On Thu, 2013-04-11 at 14:53 -0400, W. Trevor King wrote:
> On Thu, Apr 11, 2013 at 11:22:54AM -0700, Matt Turner wrote:
> > On Thu, Apr 11, 2013 at 10:09 AM, W. Trevor King <[email protected]> wrote:
> > > In order to avoid problems like this, it's probably a
> > > good idea to remove all the cached stuff with something like [1]:
> > >
> > >   $ rm -rf --one-file-system /var/tmp/catalyst/{kerncache,packages,tmp}
> > >
> > > before building your stage1.
> > 
> > Not sure this is the way to go. I'll have to think through the
> > implications. Consider your stage1 build dies with some stupid tree
> > breakage that you can fix in your portage snapshot and restart the
> > stage build. This is going to cause your stage to rebuild everything.
> 
> There shouldn't be a need to clear the caches unless you've changed
> the specs or sources.  Presumably you had to change something to fix
> whatever killed stage1.  If that was an ebuild problem, it's unlikely
> that your fix changed an ABI without also changing the package version
> and you should be ok keeping the old binary packages.
> 
> > Wouldn't disabling the use of binary packages during the seed stage
> > update fix this?
> 
> Disabling creation of binary packages during the seed stage update
> would help, and disabling the use of binary packages during the stage1
> build would help.  However, what if you have built a binary package
> for GCC and then you update your tree to something that builds
> libmpc.so.3.  In this case, you're in trouble if you use your old GCC
> binary packages anywhere based on the new tree.
> 
> Cheers,
> Trevor
> 

OK, When I first discovered the update_seed problem, I discovered
several (potential) bugs in the code that could cause failures.  My main
error was due to using binary pkgs which were built against libmpc.so.2.

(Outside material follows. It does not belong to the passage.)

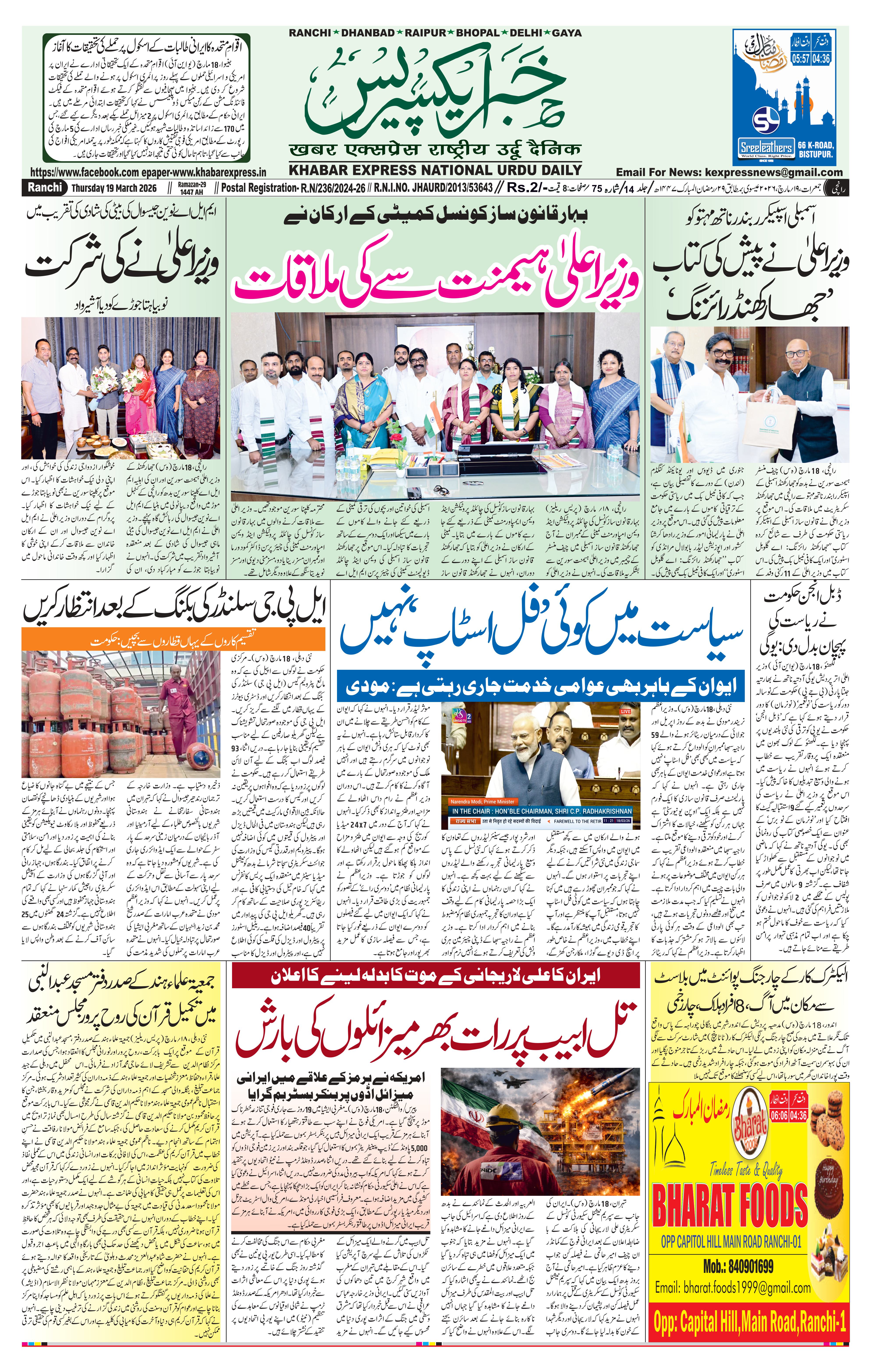 Thu, 19 Mar 2026मुख्यमंत्री हेमंत सोरेन ने आगामी ईद, सरहुल और रामनवमी त्योहारों के मद्देनजर सभी जिलों के डीसी, एसएसपी और एसपी के साथ उच्च स्तरीय बैठक की। उन्होंने शांतिपूर्ण आयोजन सुनिश्चित करने के लिए कड़े निर्देश दिए। Jharkhand Top News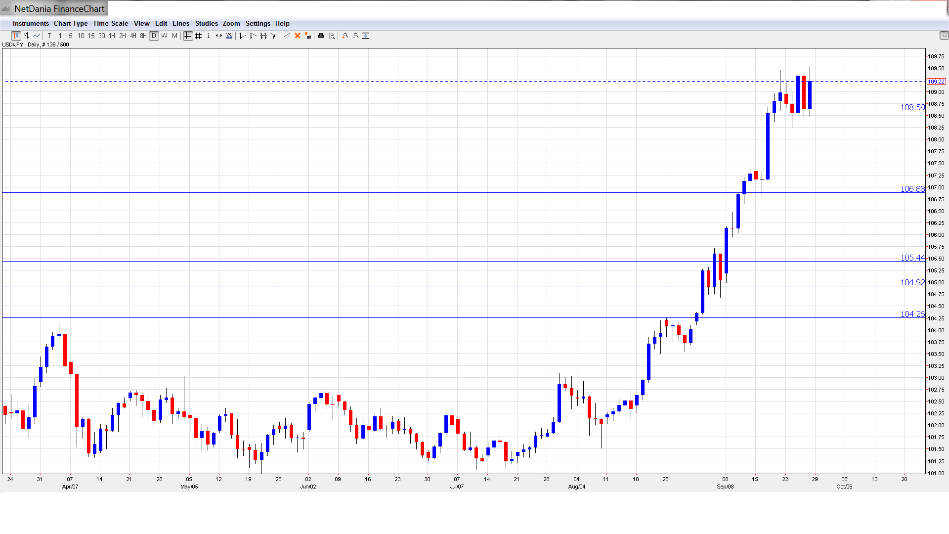 110.68 represented a high point of a strong dollar rally in August 2008, which started around the key 100 level.

I talked with Zac (and he agreed) portage _SHOULD_ be checking
NEEDED.ELF.2 which lists the actual libs it is linked to.  There is an
open bug for it in bugzie (sorry, I'm too tired to look for it).  If a
package manager supports installing binpkgs, then it should ensure it is
not installing a broken pkg due to mismatched lib links.

Everything else that is done in catalyst to avoid that is really just a
workaround until the package manager is fixed.

Blueness recently wrote a utility that scanned NEEDED.ELF.2 and looked
for broken/mismatched lib deps.  Perhaps he could help in getting
portage's binpkg handlers updated to check that the binpkg's lib deps
are met for it to qualify to be used.